▶ _Recorded information_
────────────────────

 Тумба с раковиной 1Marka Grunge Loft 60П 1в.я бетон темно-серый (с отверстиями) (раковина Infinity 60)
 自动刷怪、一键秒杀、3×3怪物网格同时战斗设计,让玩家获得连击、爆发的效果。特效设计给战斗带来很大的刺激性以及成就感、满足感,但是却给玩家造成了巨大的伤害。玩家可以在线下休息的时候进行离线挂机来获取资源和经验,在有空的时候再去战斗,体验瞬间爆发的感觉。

────────────────────

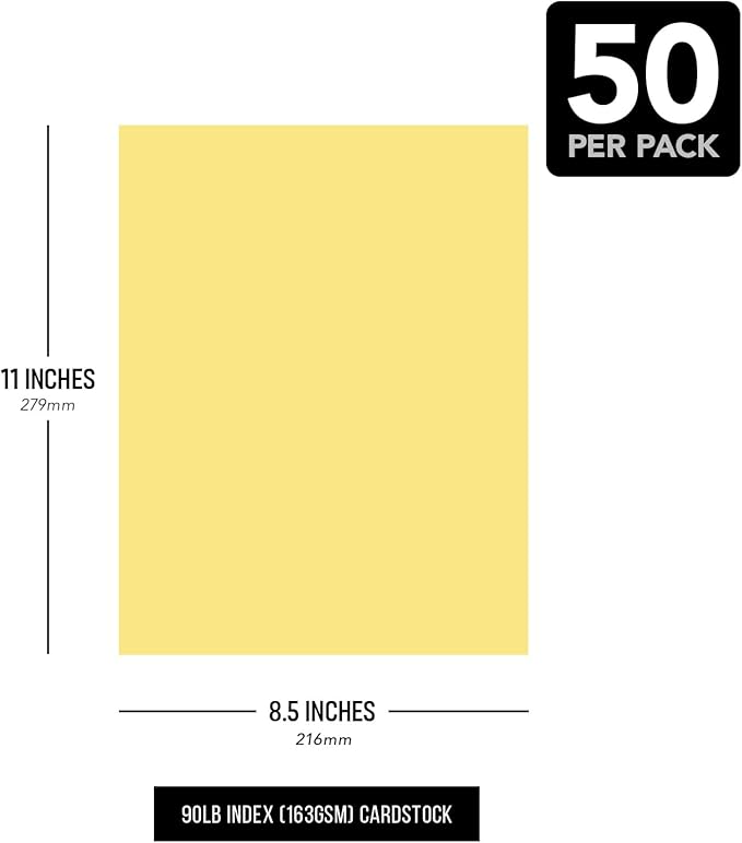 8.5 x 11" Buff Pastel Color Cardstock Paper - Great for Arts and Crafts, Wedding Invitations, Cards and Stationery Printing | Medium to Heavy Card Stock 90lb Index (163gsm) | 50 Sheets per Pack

────────────────────

Look above for the line with "Тумба с раковиной" and the line with "自动刷怪、一键秒杀、3×3怪". Retype those two lines and every line between them exactly, adding nothing.

▶ _Answer area_
 Тумба с раковиной 1Marka Grunge Loft 60П 1в.я бетон темно-серый (с отверстиями) (раковина Infinity 60)
 自动刷怪、一键秒杀、3×3怪物网格同时战斗设计,让玩家获得连击、爆发的效果。特效设计给战斗带来很大的刺激性以及成就感、满足感,但是却给玩家造成了巨大的伤害。玩家可以在线下休息的时候进行离线挂机来获取资源和经验,在有空的时候再去战斗,体验瞬间爆发的感觉。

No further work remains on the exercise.